Au cœur d’une étendue enneigée, une jeune fille rencontre Igor, un être aussi étrange que magnétique. Presque sans échanger un mot, elle va le suivre à travers une nature souveraine et hostile, portée par ce que la jeunesse a d’insolence. Mais plus elle semble proche d’Igor, plus le mystère qui l’entoure s’épaissit. Jusqu’à ce qu’une tempête les précipites tous deux dans la tourmente, révélant les légendes et les souvenirs de ceux qu’illumine le côtoiement permanent de la mort et de l’amour.
Un court récit relevant à la fois du rêve, de la magie et de la poésie, dans un monde post-apocalyptique qui s’égare entre la sorcellerie et les mythes et légendes nordiques. Tout est dit dans le titre, si juste, portant avec lui toute la plénitude du récit animé par la plume douce et mystique de Laurine Roux. Toute la sérénité et la force que l’on ressent en présence de l’être véritablement aimé et désiré. Peu importe le silence, peu importe le passé, peu importe la mort, peu importe les épreuves, le lien entre Igor et la jeune fille se fait plus fort, indéfectible, indescriptible dans un paysage ouaté de neige où s’embrasent les âmes.
Ce très joli roman de Laurine Roux m’a beaucoup rappelé De pierre et d’os de Bérangère Cournut présenté cet hiver sur le blog, mais également les romans de Sylvie Germain, mêlant avec douceur et réalisme, fantastique et histoire. Le lecteur a peu de repères : pas de repère temporel si ce n’est que la planète a été gazée et que nous sommes dans un monde de l’après ; pas de repère spatial si ce n’est la neige, des prénoms, une atmosphère difficile à définir entre Scandinavie et Slavie ; peu de mots échangés, une histoire qui se dessine dans les gestes et les histoires de Grisha ; très peu d’actions, un périple, un chemin de vie qui commence traînant derrière lui un lourd passé rendu flou par le Grand Oubli. Alors sans repères nous nous laissons porter par le texte, dans une ambiance moelleuse et chaleureuse, où le moindre son, la moindre émotion sont magnifiés par des hommes et des femmes sensibles et à l’écoute. Le titre ne ment pas, voilà quelques pages pour une immense sensation de calme, dans l’intimité et l’histoire d’un couple, dans une bulle de bien-être, parce qu’envers et contre tous l’amour et la bienveillance y sont légions. Un moment de pure quiétude qui fait le plus grand bien. Une lecture idéale sous le plaid au coin du feu quand les mauvais jours reviendront.
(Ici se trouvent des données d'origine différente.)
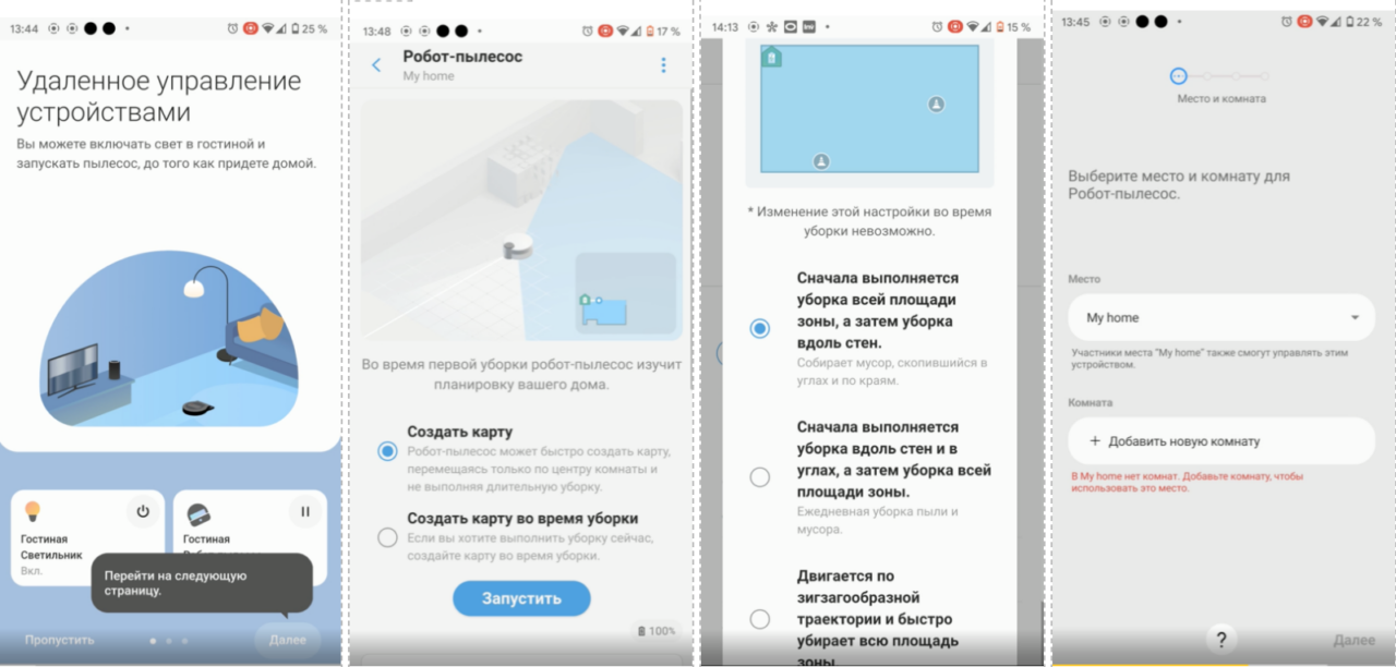 Теперь установим фирменное приложение SmartThings и заценим функционал робота. Процесс установки традиционный: регистрируем аккаунт, сканируем QR-код, вводим стартовые параметры, подключаемся к домашней сети и придумываем имя для нашего пылесоса, после чего приложением можно полноценно пользоваться. У меня установка заняла 7 минут и не вызвала никаких затруднений.

Laurine Roux est une professeure à l’université et écrivaine. Une immense sensation de calme est son premier roman, suivi par Le sanctuaire en 2020. L’univers est généralement post-apocalyptique.
Une immense sensation de calme a reçu le prix SGDL Révélation (Société des Gens de Lettres) en 2018.
134 p., Les éditions du Sonneur (2018), Collection Folio 2020.